I recommend doing a brief writing exercise which helps you let go and clear your day. This writing exercise includes what you feel you have accomplished and what you feel most proud of yourself for, as well as gratitude and appreciation for your day and a recognition of lessons learned. This helps you clear your mind, let go of the day and wipe the slate clean. By clearing your mind, you can help release the inner chatter, which is what keeps us awake and restless.
And my number one recommendation is to listen to a guided meditation which focuses on deep restful sleep. This helps focus your mind on relaxation, it helps your body soften and release tension or emotion which built up in your body and most importantly, it helps to silence to inner chatter. There are fantastic guided meditations online which focus on sleep meditation and here is one from my meditation podcast, Peace in My Pocket, which will help you let go of your day, clear your mind and settle into a peaceful, restful and most importantly deep sleep.

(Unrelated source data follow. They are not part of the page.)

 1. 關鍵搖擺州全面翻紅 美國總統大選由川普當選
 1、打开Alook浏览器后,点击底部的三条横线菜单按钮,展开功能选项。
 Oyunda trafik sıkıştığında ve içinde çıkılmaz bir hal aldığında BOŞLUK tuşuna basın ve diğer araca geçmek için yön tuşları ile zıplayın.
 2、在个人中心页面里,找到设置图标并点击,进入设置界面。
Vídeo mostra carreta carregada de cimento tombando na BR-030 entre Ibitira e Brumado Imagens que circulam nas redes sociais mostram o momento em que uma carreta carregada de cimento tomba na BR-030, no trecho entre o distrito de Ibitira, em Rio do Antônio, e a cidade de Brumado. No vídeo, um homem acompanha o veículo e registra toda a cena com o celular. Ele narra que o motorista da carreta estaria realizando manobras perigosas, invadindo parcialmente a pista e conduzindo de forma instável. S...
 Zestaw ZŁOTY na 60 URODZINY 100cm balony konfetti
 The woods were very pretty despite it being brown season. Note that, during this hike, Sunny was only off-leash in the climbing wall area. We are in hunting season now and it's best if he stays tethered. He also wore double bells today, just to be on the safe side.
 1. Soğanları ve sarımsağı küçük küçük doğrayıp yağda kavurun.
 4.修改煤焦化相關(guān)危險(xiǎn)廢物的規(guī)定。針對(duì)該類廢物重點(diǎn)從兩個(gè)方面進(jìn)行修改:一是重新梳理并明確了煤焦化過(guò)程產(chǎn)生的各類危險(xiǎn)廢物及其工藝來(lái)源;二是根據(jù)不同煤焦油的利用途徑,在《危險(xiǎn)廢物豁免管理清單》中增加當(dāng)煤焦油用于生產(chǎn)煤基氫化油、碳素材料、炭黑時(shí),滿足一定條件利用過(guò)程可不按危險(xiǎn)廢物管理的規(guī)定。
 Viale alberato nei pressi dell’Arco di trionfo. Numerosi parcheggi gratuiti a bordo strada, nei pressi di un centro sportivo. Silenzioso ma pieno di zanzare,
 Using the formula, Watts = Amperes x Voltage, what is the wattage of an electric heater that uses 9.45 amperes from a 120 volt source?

Tip #10: Use Essential Oils to Enhance Sleep
Shared by Jen Broyles
Often times, when we have trouble sleeping, it’s due to overwhelming stress from our day or anticipation of a stressful day ahead. We can’t relax, unwind, and shut down our mind. We’re plagued with racing thoughts of to-do lists, emails, work projects, and kid’s schedules.
The key to a restful night’s sleep is prioritizing stress-management and taking time to wind down at night. I recommend turning off all electronics (phone, computer, TV, etc) 1-2 hours before bed. During that time, incorporate activities that help you relax such as deep breathing, meditation, journaling, reading, or a relaxing bath.

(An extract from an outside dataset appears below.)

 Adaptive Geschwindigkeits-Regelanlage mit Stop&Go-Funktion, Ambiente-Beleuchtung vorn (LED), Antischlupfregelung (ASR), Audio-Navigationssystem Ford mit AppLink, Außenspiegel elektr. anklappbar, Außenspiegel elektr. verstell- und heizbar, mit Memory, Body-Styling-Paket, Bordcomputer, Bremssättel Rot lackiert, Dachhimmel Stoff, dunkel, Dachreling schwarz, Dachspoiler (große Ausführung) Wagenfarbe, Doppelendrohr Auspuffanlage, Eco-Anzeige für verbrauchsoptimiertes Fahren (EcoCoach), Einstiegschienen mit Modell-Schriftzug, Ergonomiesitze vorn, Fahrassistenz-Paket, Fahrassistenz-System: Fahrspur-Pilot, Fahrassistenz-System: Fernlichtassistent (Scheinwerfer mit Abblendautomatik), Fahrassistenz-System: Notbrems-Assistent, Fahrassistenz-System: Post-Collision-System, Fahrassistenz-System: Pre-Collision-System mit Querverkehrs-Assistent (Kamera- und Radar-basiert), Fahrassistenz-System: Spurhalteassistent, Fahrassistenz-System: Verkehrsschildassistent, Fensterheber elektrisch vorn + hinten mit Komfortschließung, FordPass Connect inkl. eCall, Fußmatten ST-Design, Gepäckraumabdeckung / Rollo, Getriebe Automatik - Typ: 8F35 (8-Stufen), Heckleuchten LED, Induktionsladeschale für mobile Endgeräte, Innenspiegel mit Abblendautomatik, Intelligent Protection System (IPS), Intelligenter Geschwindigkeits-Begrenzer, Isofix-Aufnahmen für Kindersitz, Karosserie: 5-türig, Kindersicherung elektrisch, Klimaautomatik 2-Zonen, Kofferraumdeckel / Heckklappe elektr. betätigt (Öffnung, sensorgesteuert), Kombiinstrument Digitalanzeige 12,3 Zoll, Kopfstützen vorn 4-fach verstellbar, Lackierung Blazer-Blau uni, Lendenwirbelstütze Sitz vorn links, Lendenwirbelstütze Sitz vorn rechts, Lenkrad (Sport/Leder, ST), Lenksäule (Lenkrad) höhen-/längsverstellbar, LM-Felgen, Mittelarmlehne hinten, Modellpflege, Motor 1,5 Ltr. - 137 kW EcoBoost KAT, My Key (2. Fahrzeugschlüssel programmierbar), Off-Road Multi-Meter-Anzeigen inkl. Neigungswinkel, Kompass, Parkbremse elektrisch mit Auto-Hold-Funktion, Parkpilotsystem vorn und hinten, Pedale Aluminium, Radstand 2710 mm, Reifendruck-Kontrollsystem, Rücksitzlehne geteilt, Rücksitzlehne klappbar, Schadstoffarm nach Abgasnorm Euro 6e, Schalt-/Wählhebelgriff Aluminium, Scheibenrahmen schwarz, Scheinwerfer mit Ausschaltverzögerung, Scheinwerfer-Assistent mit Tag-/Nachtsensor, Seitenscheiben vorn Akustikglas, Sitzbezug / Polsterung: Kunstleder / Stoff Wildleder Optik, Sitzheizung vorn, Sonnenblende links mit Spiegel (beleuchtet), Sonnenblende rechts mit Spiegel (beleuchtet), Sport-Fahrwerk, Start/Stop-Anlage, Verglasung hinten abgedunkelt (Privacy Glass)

To enhance relaxation and support restful sleep, I suggest using essential oils. The aromatic use of essential oils has a profound effect on stress and mood, helping you to relax and unwind. Diffuse oils such as lavender, vetiver, chamomile, orange, or bergamot in your bedroom at night.
Take an epsom salt bath with a few drops of lavender or vetiver. You can also apply these oils to the bottom of your feet or a drop on you pillow before bed. Taking time to unwind and using essential oils to support relaxation can be a powerful, effective way to improve your sleep and feel better overall.